In Arts & Entertainment Commentary

James Rado co-wrote the book and lyrics for "Hair."

James Rado talks about his "Hair"

Few Broadway musicals are sharply focused snapshots of a culture during a narrow window in time. None are as vividly specific as "Hair."

The Age of Aquarius, the hippie movement, the eruption of an American counterculture lasted less than a decade in the late 1960s and early '70s, and the American tribal love-rock musical, as "Hair" called itself, was the single most popularly successful artistic expression of it. Opening on Broadway in the spring of 1968 after a six week off-Broadway engagement the previous fall, the show spun off several Top 40 hits and ran for four years. A London production lasted five years.

Broadway's establishment of white, middle aged and older male producers passed on the opportunity to mount the musical -- legendary producer David Merrick refused to even read the script -- and the old guard wasn't prepared for the "Hair" assault on its sensibilities.

The jubilant celebration of drugs, nudity, sex acts and, of course, long hair was as foreign to the Broadway aesthetic as sumo wrestling. Chicago millionaire and political activist Michael Butler had seen "Hair" during its off-Broadway run and liked it for its anti-Vietnam War theme. Although he was a Broadway neophyte, Butler provided the financial resources and became "Hair's" producer.

James Rado and Gerome Ragni, a couple of actors who were close friends, conceived of the show and authored the book and lyrics. The duo had met while in the cast of a musical revue about capital punishment.

Rado previously played Richard Lionheart in the Broadway production of "The Lion in Winter," and Ragni had Broadway experience acting in Richard Burton's 1964 "Hamlet."

A national touring company production of "Hair" is coming to the Marcus Center next week, and I recently chatted with Rado, who is now 79, by phone.

"We weren't hippies and we didn't wear our hair long, but this (hippie) movement was introducing a new way of being," he recalled. "We responded to it. I was opposed to the (Vietnam) war and went out in the streets with the protesters."

The two men were taken with the way the counterculture was transforming parts of New York, especially Central Park, where a reported 10,000 persons showed up for a Be-In on Easter Sunday in 1967. "The culture was changing, and we wanted to express what was happening," Rado continued.

"The sight of men growing their hair long was pretty dramatic. You had never seen men looking like that. Hippies looked like they were from another dimension."

From his early teens, Rado had dreamed of writing a Broadway musical, and the counterculture provided the material for that to come true. Ragni and Rado created "Hair's" characters and wrote the story and lyrics.

After rejecting several prospective composers to write a score, they met transplanted Canadian Galt MacDermot, the son of a diplomat. The "Hair" team was formed. "It was fate or God or some other factor that brought us to Galt," Rado said.

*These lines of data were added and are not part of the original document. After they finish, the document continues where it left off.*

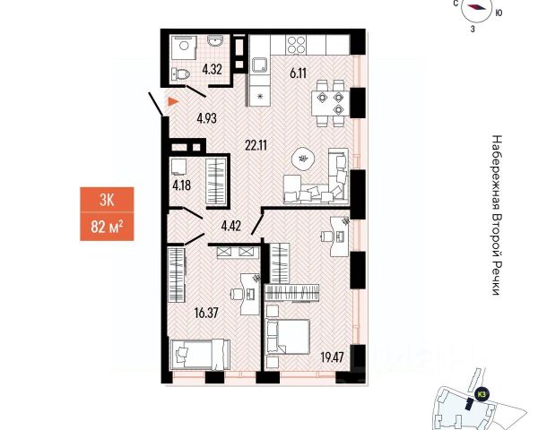 STARK навсегда изменит карту Владивостока, как и ваши представления о недвижимости бизнес-класса. 7 башен переменной этажности возвысятся над городом в исторически значимом районе Второй речки. Вас ждёт бескомпромиссный комфорт с индивидуально подобранными застройщиком резидентами коммерческих пространств, первая в городе 2-уровневая набережная вдоль русла Второй речки и 58 200 квадратных метров паркового благоустройства в рамках глобального редевелопмента территории. А ещё: внушительный выбор функциональных и просторных планировочных решений, предусматривающих возможность самостоятельного зонирования площади и реализации любых дизайнерских решений в соответствии с индивидуальными потребностями семьи, доступны варианты недвижимости с 2 санузлами; высокие 3-метровые потолки и витражное остекление, обеспечивающие высокий уровень естественного освещения пространства квартиры; умопомрачительные панорамные виды на город с сопками на горизонте, благоустроенную прогулочную набережную вдоль русла Второй речки, водную акваторию Амурского залива; высокая транспортная доступность, расположение в непосредственной близости от главной дорожной развязки Второй речки "Автовокзал Кольцо Багратиона, Проспект 100-летия Владивостока Фабрика Заря" (350 м); индивидуально подобранные застройщиком резиденты коммерческой недвижимости, с целью достижения оптимального баланса между общественными пространствами, заведениями и сервисами, на территории квартала: детский сад, медицинский центр, аптека, SPA-комплекс, салон красоты, гипермаркет, магазины, рестораны, кафе, булочная-кондитерская; развитая социальная инфраструктура микрорайона, в пешей доступности: частные детские сады и школы, входящие в городские рейтинги, медицинские центры, стоматологические клиники, фитнес-клубы, торговый центр, гипермаркеты, рестораны, аптеки, зоомагазины, химчистка и заведения сферы услуг, обслуживающие все потребности горожан; приватное благоустроенное пространство без машин для отдыха на внутренней стилобатной части комплекса с прогулочными зонами, детскими и спортивными площадками, куда могут попасть только жители квартала и их гости; закрытая охраняемая территория, контроль доступа по биометрии, видеонаблюдение по всему периметру с системой распознавания лиц, консьерж-сервис в лобби, лапомойка и колясочная; 2-уровневый крытый паркинг в стилобате здания с машино-местами увеличенной площади до 27,56 кв. м и прямым доступом к лифтовой зоне; индивидуальные келлеры на -1 и 1 уровнях комплекса для хранения сезонных вещей и спортивного инвентаря площадью до 49,77 кв. м; 5 грузопассажирских лифтов в каждой башне с возможностью дистанционного вызова и грузоподъемностью 630 кг, 1000 кг, 1350 кг; отдельные шахты для монтажа и обслуживания кондиционеров, скрытые за фасадом, чтобы с эстетической точки зрения не портить облик башен. Открыты продажи в башнях 1, 2 и 3. Продам 3-комнатную квартиру в новостройке в районе Советский в городе Владивосток.
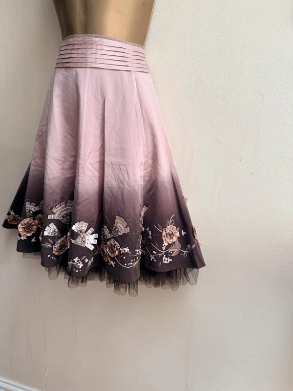 The Karen Millen Blush Pink Brown Silk Knee Length Evening Skirt is ideal for evening, party, formal.
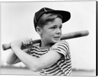 1930s Boy At Bat Wearing A Horizontal Striped Tee Shirt
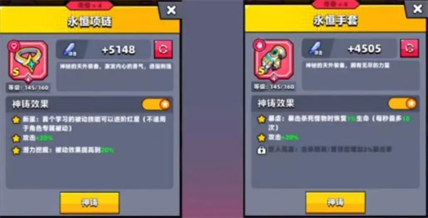 那么就是看这些神铸装备哪个的提升最大,那么肯定是两星永恒项链和二星永恒手套。

MacDermot's songs were full of the hooks that keep tunes running through minds, and they remain the strongest element of the show. The score's irresistible vitality has saved "Hair" from becoming just a quaint period piece.

Rado and Ragni were in "Hair's" original Broadway cast, which included an unknown Diane Keaton. The co-writers had to grow out their own hair. "Jerry (Ragni) was amazed with the wild crop of hair he had," Rado said.

Ragni died in 1991.

"Hair" was briefly revived on Broadway in 1977, and the much more successful 2009 production won a "best musical revival" Tony Award while running for more than a year. That staging, directed by Diane Paulus, is what we will see at the Marcus Center next week.

Exceptional Acting at Soulstice Theatre

Soulstice Theatre is reminding us that compelling stagecraft can be found anywhere with its affecting production of "Shining City," an engaging psychological drama written by the superb Irish playwright Conor McPherson. David Ferrie's portrait of an anguished widower haunted by his late wife and their marriage is as fine a piece of acting as we have seen in Milwaukee this season.

Jillian Smith's portrayal of a woman being dumped by the father of her baby is exquisitely genuine and sensitive. Actors Josh Perkins and Jordan Gwiadzowski are also impressive, and the decision to place cast and audience on the Auditorium Theatre stage at the Marian Center for Nonprofits results in an appropriately intimate experience.

The production runs through Feb. 27. Check it out.